Chemistry

The Biomolecular Simulations Group (the Moradi Lab) at the University of Arkansas use high performance computing to simulate the conformational changes of proteins at an atomic level.  Moradi's research helps shed light on the structure function relationships in proteins and can help improve our understanding of disease at a molecular level.   Visit the Biomolecular Simulations Group for more information on their current projects and for a complete publications list. 

Figure 1:  The modeled structure of bacterial membrane insertase protein YidC2 based on microsecond level simulations of membrane embedded protein using AHPCC resources.

 

The Predictive Compuational Chemistry Laboratory (Feng Wang group) researches basic fundamental properties of potential drug candidates, such as solubility and binding affinity. With the new Pinnacle cluster at the AHPCC, large scale parallel electronic structure computation are performed to provide information needed to fit accurate models for drug molecules. Other projects include the development of models for cellulose, the main component of biomass. 

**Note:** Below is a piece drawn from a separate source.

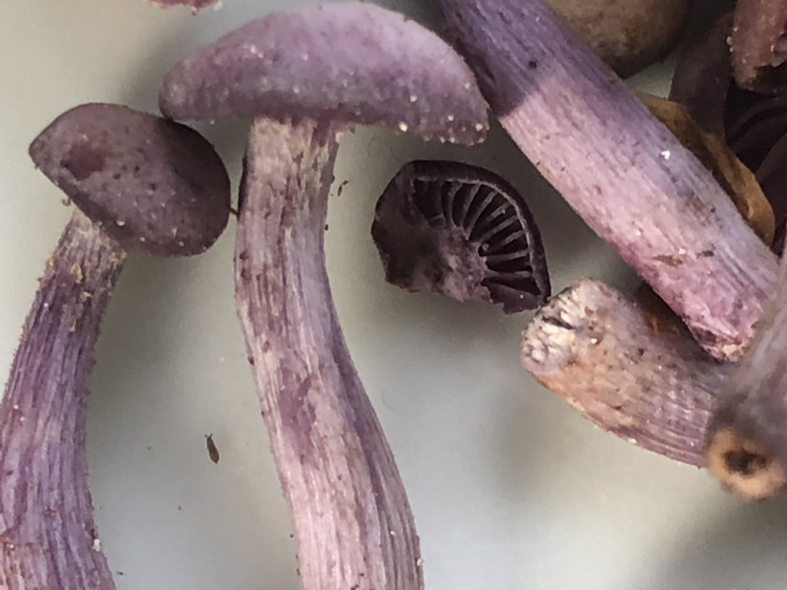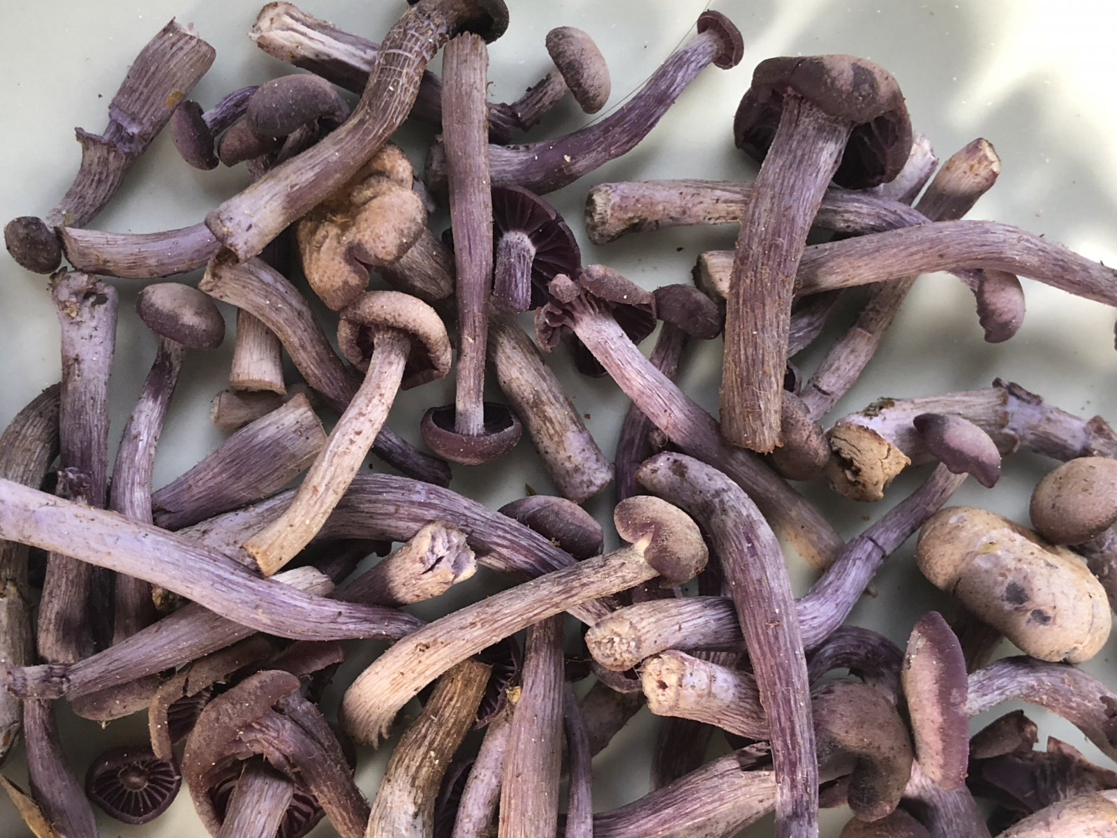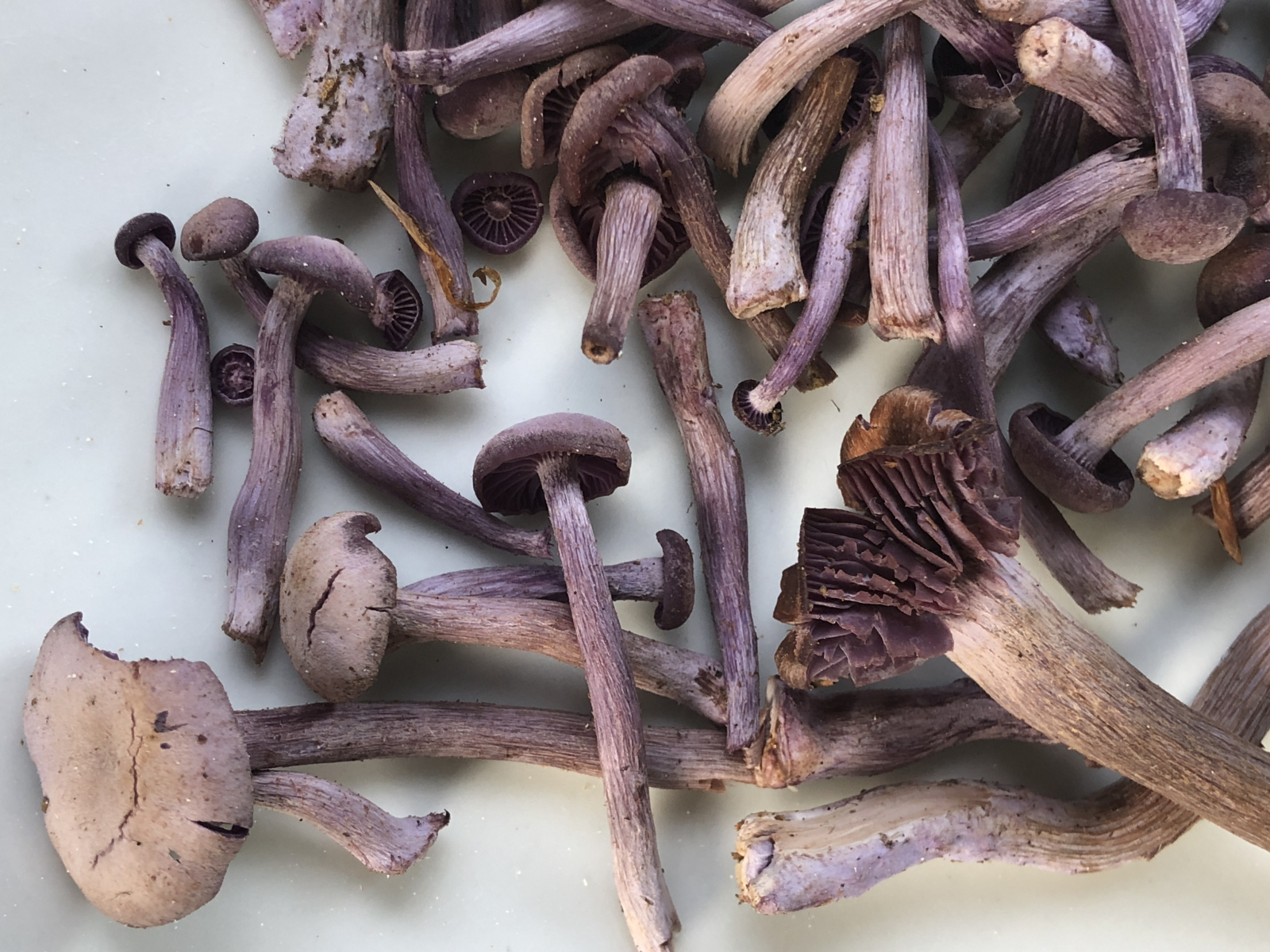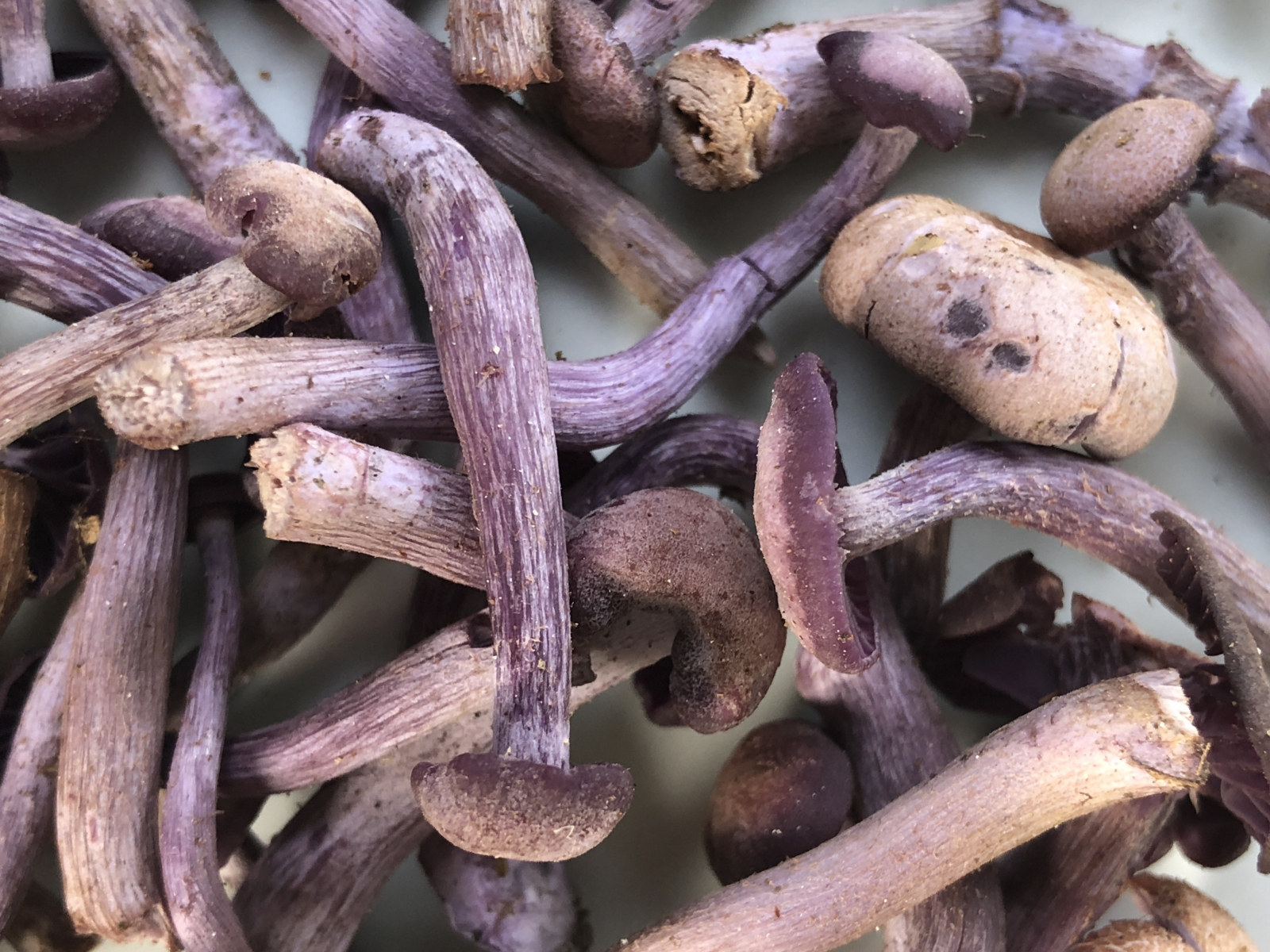 Ja, Lila Lacktrichterlinge, teils sehr alt und trocken.
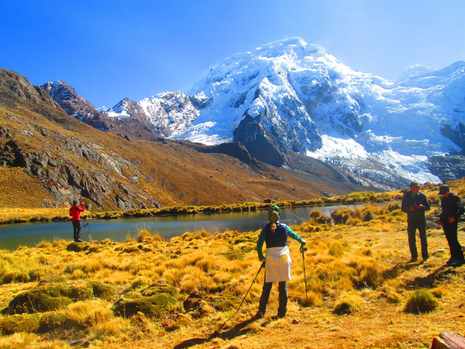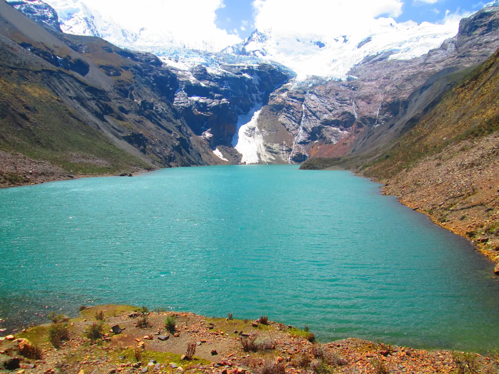 We will begin our hike up the valley, a trail that will take us to visit the beautiful Tullpacocha lagoon surrounded by the Tullparaju, Andavite and Chinchey snow-capped mountains. Then we will ascend in a zigzag towards the Cuchillacocha lagoon surrounded by the imposing Pucaranra snow-capped mountain, then we will cross to the camp where we will have an exceptional sunset.

Figure 2: Using a very accurate water model, Trestles was used to perform high quality computer measurements of liquid water’s surface tension in deep supercooling. This study predicted a large increase in the surface tension of water around -38 °C. Our study explains a small divergence observed experimentally in less supercooled water. This large rise in the surface tension supports the existence of a second liquid phase of water, which has been debated for many years.